From Dr. Robert A. Wharton and Kristie Reddick, Department of Entomology, Texas A&M University:
Most solifuges are agile, cursorial predators capable of covering considerable distances in search of food. They have frequently been recorded foraging on open ground in sparsely vegetated arid regions, but are quite capable of climbing vegetation in grasslands and scrublands. Rapid, seemingly random, locomotory activity is generally considered to be the normal searching strategy (Muma 1966, Wharton 1987, Punzo 1998), though there are obvious exceptions for certain termitophilous species (Lawrence 1963, Muma 1966). Several observations suggest that some species at least occasionally stalk their prey (Cloudsley-Thompson 1977) and the short-legged mole solifuges of the family Hexisopodidae from western southern Africa, though occasionally found on the surface, probably forage beneath the surface of their sandy substrate. Some of the earliest observations (e. g. Pocock 1897) suggest that tactile stimuli are important in prey location and capture. More recent studies have verified the importance of tactile stimuli (Bolwig 1952, Muma 1966) and visual stimuli (Muma 1966). There is also some suggestion that they can detect substrate-borne vibrations (Wharton 1987). Extensive work has been done on the structure of the malleoli, the unique rachet organs on the legs of solifuges. While the function is still not entirely clear, they are believed to have chemosensory properties (Brownell and Farley, 1974), and may therefore be used in prey detection. Punzo (1998) provides a good summary of previous work on Hunting Behavior.
Galeodes caspius subfuscus, immature, with prey (unidentified insect), Malaisary Mt. foothills, Almaty area, Kazakhstan. (Photo by Alexander V. Gromov).

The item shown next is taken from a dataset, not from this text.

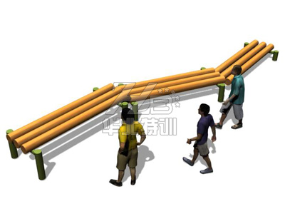 在長10米,寬2米的范圍內,設置3組6對鐵架。每對鐵架間距2.7米,寬1米,每對鐵架上放3根圓木

From R. Ryan Jones, Denver Museum of Nature and Science:
Like many aspects of solifuge biology, little is known about their method of prey localization. Observations of solifuge hunting behavior is described to include ambushes, chases, stalking, and seemingly random events following an erratic circular or zig-zag search pattern (Wharton 1986; Muma 1966). As opportunistic predators, solifuges are believed to utilize a combination of visual, chemical, and tactile sensory cues in prey detection, however the methods and sensory organs involved in this process are unknown (Bolwig 1952; Cloudsley‐Thompson 1961; Hingston 1925; Muma 1966; Turner 1916). A comparative morphology analysis using transmission electron microscopy and electrophysiological recordings of setal papillae on the pedipalps found structures consistent with both mechano- and chemoreception (Conrad & Cushing 2011; Cushing et al. 2014). Malleolar organs, fan-like structures that are found on the ventral side of the fourth pair of legs, are morphologically consistent with chemoreception (Brownell & Farley 1974; Yiğit et al. 2012), and may also have some tactile sensory function as well (Yiğit et al. 2012), both likely involved in prey detection.
Observations on the old-world species Solpugyla globicornus Kraepelin concluded that prey detection was based on tactile stimuli to the legs and pedipalps; contact of these appendages with another organism resulted in consumption or retreat (Bolwig 1952). Solifuges show no interest in dead prey material unless it is manipulated to appear to be moving, suggesting that vibrational or chemoreceptive senses may be more important in prey detection (Hingston 1925; Turner 1916). However, more recent efforts in husbandry have reported consumption of both live and dead whole crickets as well as cricket parts (Rowsell 2014). Eremorhax magnus Hancock, Eremorhax titania Muma, and Ammotrechula peninsulana Banks have also been documented to orient to and stalk prey several centimeters away (Muma 1966). Juvenile solifuges have been observed to detect prey buried within the substrate, demonstrated by an abrupt stop, retreat, and quick excavation of a prey item after an otherwise erratic search pattern (Conrad & Cushing 2011).